Виктор Астафьев (из ответа на письмо читателя Ильи Григорьевича): «Сколько потеряли народа в войну-то? Знаете ведь и помните. Страшно называть истинную цифру, правда? Если назвать, то вместо парадного картуза надо надевать схиму, становиться в День Победы на колени посреди России и просить у своего народа прощение за бездарно «выигранную» войну, в которой врага завалили трупами, утопили в русской крови. Не случайно ведь в Подольске, в архиве один из главных пунктов «правил» гласит: «не выписывать компрометирующих сведений о командирах совармии».

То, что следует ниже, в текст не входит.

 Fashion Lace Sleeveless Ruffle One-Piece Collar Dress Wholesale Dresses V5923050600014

Потылицына Галина, Черногорск (из письма Астафьеву): «Бог знает почему, но редко когда представляешь себе автора, читая прекрасную книгу. О Вас подумалось сразу: добрый и светлый человек и совсем-совсем свой, близкий. И поверилось Вам сразу до самой короткой строчки, до единого слова…»

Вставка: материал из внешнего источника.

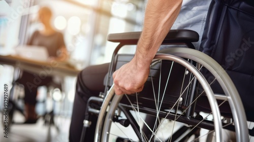 wheelchair, hand, wheel, mobility, disability, accessibility, support, care, medicals, equipment, indoor, man, adult, one person, sitting, male, chair, closeup, working, occupation, lifestyle, human hand, businessman, 1, man, woman, table, copy space, transportation, professional occupation, industry, seat, hospital, real people, selective focus, service, paraplegic, mature adult, physical injury, bicycle, casual clothes, businessperson, office, holding

Главная книга жизни Астафьева о «своей войне» – «Прокляты и убиты» – уже в журнальном варианте вызвала разные оценки читателей. Впечатление от прочтения было сильнейшее. До шокового состояния. Но только одни поражались ее жизнеутверждающей силе. Другие – растаптыванию всего человеческого в человеке.
Постоянный и вдумчивый читатель из Украины Владимир Миронов в письме писателю тревожился: «Горькое лекарство правды приготовили Вы для больного народа и умалишенной власти – выпьем ли мы его, привыкшие к сивушной слащавости лжи?!».
Была и еще одна причина неоднозначного восприятия новой прозы писателя.
Привычный, простой и возвышенный слог Астафьева, местами пронзила, как проволочник картошку, – злополучная матерщина. Греховный язык, как говорят о ней староверы, был использован для выполнения художественной задачи. Герои заговорили на «народном», как в жизни. Один к одному.
Реализм окопной правды стал осязаем настолько, что иногда вызывал не только страх, но и непреодолимое омерзение. Этого, наверное, и добивался Астафьев, много раз говоривший, что, чем больше мы будем врать про войну прошедшую, тем быстрее приблизим войну грядущую.
В «его войну» мальчишки играть не будут.
Однако некоторых из своих прежних читателей Астафьев лишился. О таких потерях его заранее предупреждал друг и писатель, фронтовик Евгений Иванович Носов: «Жизнь и без твоего сквернословия скверна до предела, и если мы с этой скверной вторгнемся еще и в литературу, в этот храм надежд и чаяний многих людей, то это будет необратимым и ничем не оправданным ударом по чему-то сокровенному, до сих пор оберегаемому. Разве матерщина – правда жизни?».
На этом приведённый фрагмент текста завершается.